Open notacoder-ui opened 3 years ago
And also I got this in my typo3 error log:
Mon, 21 Dec 2020 05:56:00 +0000 [ERROR] request="e909aaa824fb3" component="INM.InmGooglesitemap.Generators.SitemapGenerator": Extension inm_googlesitemap: Error Code: 5 --- Reason: Socket-stream timed out (timeout set to 5 sec).

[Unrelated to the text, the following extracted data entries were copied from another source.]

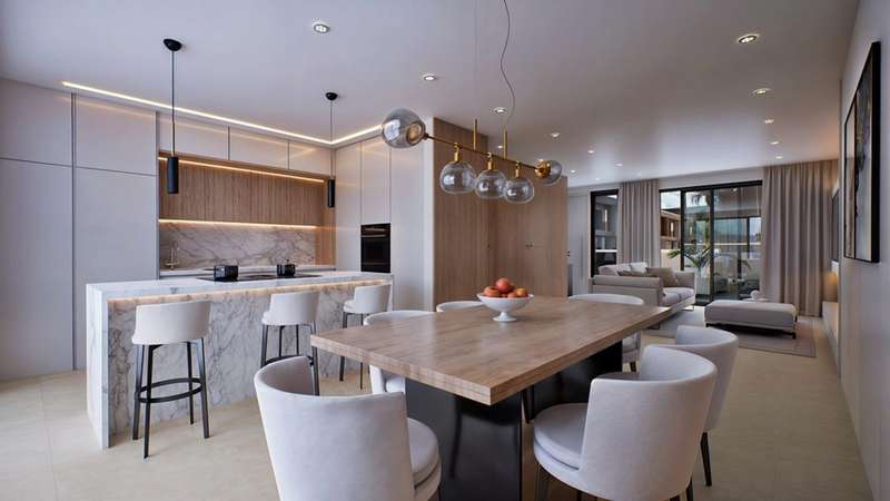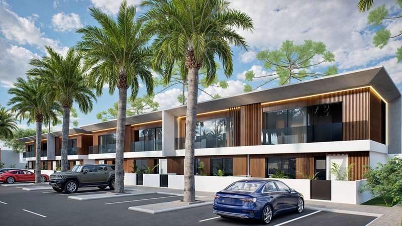Modern three-bedroom townhouse in a new private condominium called Zion Oasis, with private pool and garden, about 10 minutes from Burgau Beach, for sale in Almádena, Luz, Algarve. This 3-bedroom villa, in a privileged location just a few minutes from the beach, has been thought out in detail to offer convenience, luxury, comfort and privacy to its residents. With two floors and spacious areas, the villa comprises a small garden. Upon entering the house, we have access to the fantastic open-plan living room with dining room and fully-equipped kitchen with modern built-in appliances. There is also access to the terrace with barbecue and private pool, a service bathroom, and the stairs to the upper floor, where the bedrooms are, one of which has an en-suite bathroom, walking closet and a private balcony, the other two bedrooms have built-in closets, a large window and access to a fantastic shared balcony. These two bedrooms share a large bathroom. This villa is an excellent option for a permanent residence or second home. With stunning beaches nearby, renowned golf courses, quality restaurants, easy access to the EN125 national road and the A22 highway, and Faro International Airport is about an hour away. CHARACTERISTICS: Plot Area: 124 m2 | 1 329 sq ft Area: 124 m2 | 1 335 sq ft Deployment Area: 62 m2 | 667 sq ft Bedrooms: 3 Bathrooms: 3 Energy efficiency: A+ FEATURES: 3 bedrooms Equipped kitchen Balconies Terrace Garden Swimming pool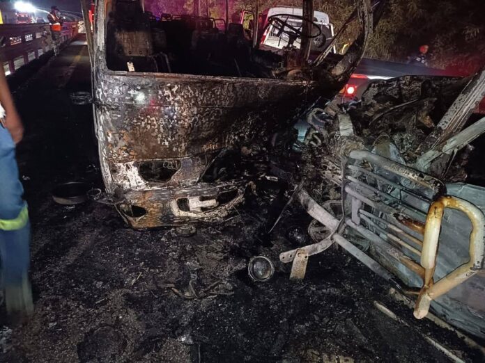 Un hombre falleció la noche del viernes tras una colisión entre un minibús y una yipeta en el puente de Cumayasa, La Romana. La víctima, que viajaba en la yipeta, no ha podido ser identificada debido a las graves afectaciones causadas por el intenso incendio. El conductor del minibús resultó lesionado y permanece recibiendo atención médica en un centro de salud local. Datos preliminares indican que los vehículos registraron un impacto frontal, lo que generó un incendio que comprometió severamente ambas unidades. El médico legista Benito Kelly acudió a la escena y confirmó que el cuerpo corresponde a un ciudadano de sexo masculino. Unidades del 911 llegaron rápidamente al lugar, acompañadas por miembros del Cuerpo de Bomberos que lograron controlar las llamas. Agentes de la Digesett coordinaron el tránsito en la zona, mientras personal policial y militar aseguró el perímetro. Las autoridades informaron que el hecho se encuentra bajo investigación para determinar las causas exactas del accidente. Residentes de la zona manifestaron su preocupación por el incidente, que llamó la atención debido a la magnitud del incendio. Las autoridades reiteraron que ofrecerán información oficial conforme avancen las diligencias investigativas. REDACCIÓN FV MEDIOS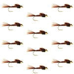 • Set of 12 - hand tied Pheasants Tail Nymph Fly Fishing Flies - Hook Size 10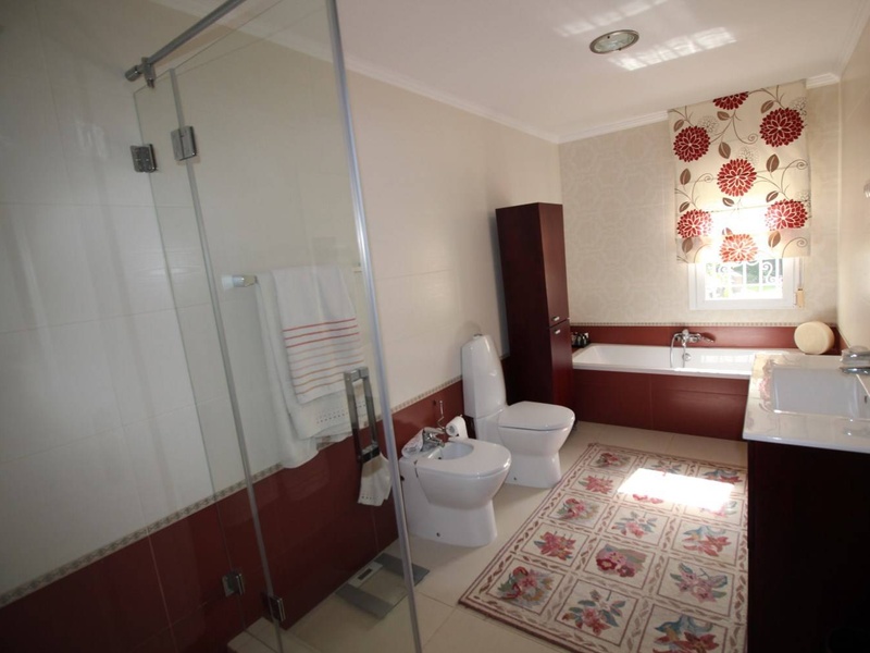 On the ground floor is a large bedroom with a bathroom. In every room of the house there are fitted wardrobes. The house is surrounded on all sides by a large garden with tropical trees, a swimming pool and barbecue area. There is also covered parking for two cars. The house is attractive for a permanent residence and in terms of investment.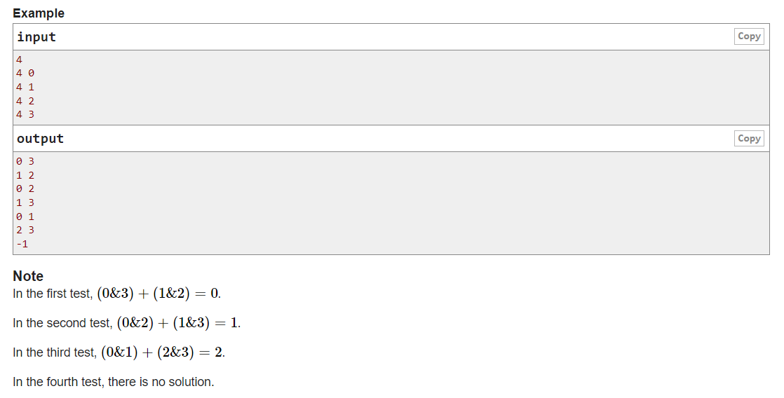 으로 설정할 수 있고, 두 수가 짝이 될 수 있는 이유는 &연산의 결과가 모두 0이기 때문이다. 또한 모든 수는 항상 자신의 짝이 존재하며 짝의 총 개수는 n/2개다.

This error log which made site to show the 503 error and restarting the php-fpm service showed the site again.
Please check this too
Hi @notacoder-ui , there may be that other rules overlay the stuff from your robots. Please provide more information: TYPO3 version, PHP version etc. And of course the settings you made in the Scheduler task are important.
Okay.
Typo3 version : 9.5.19 PHP version: 7.2.34 Settings in schedular:
Okay, well adding mailto
to regexDirectoryExclude
will not help you... this will exclude something like https://foo.tld/mailto/something
.
But you may add news-letter
here instead of the mailto
to exclude this path.
What you also can shorten is linkExtractionTags
: Update this field that you only have href
there.
I know, mailto
is also in a href.
But let me know if it's better now. If not I would have to check why mailto
is not omitted by default.
Hi @merzilla
I updated the settings as you said and ran the cron job. Site went to 503 mode and I got to see this in the error log:
Tue, 22 Dec 2020 05:05:01 +0000 [ERROR] request="08db8edc7ac5b" component="INM.InmGooglesitemap.Generators.SitemapGenerator": Extension inm_googlesitemap: Response Header not correct. Got HTTP Status Code 302 for URL https://www.xyz.de/mailto:%20%69n%66%6f%40%72eise%6cinie%2e%64e --- Complete Response Header: HTTP/1.1 302 Found Date: Tue, 22 Dec 2020 05:05:01 GMT Server: Apache X-Powered-By: PHP/7.2.34 location: /404fehler X-Powered-By: PleskLin X-UA-Compatible: IE=edge X-Content-Type-Options: nosniff Cache-Control: public, no-transform, must-revalidate Last-modified: Mon, 14 Dec 2020 10:10:10 GMT Content-Length: 0 Connection: close Content-Type: text/html; charset=UTF-8
Hi @merzilla
I need to update settings like some links should not be indexed while generating a sitemap.xml file. Is there any possibility that I can set it to avoid such a URL?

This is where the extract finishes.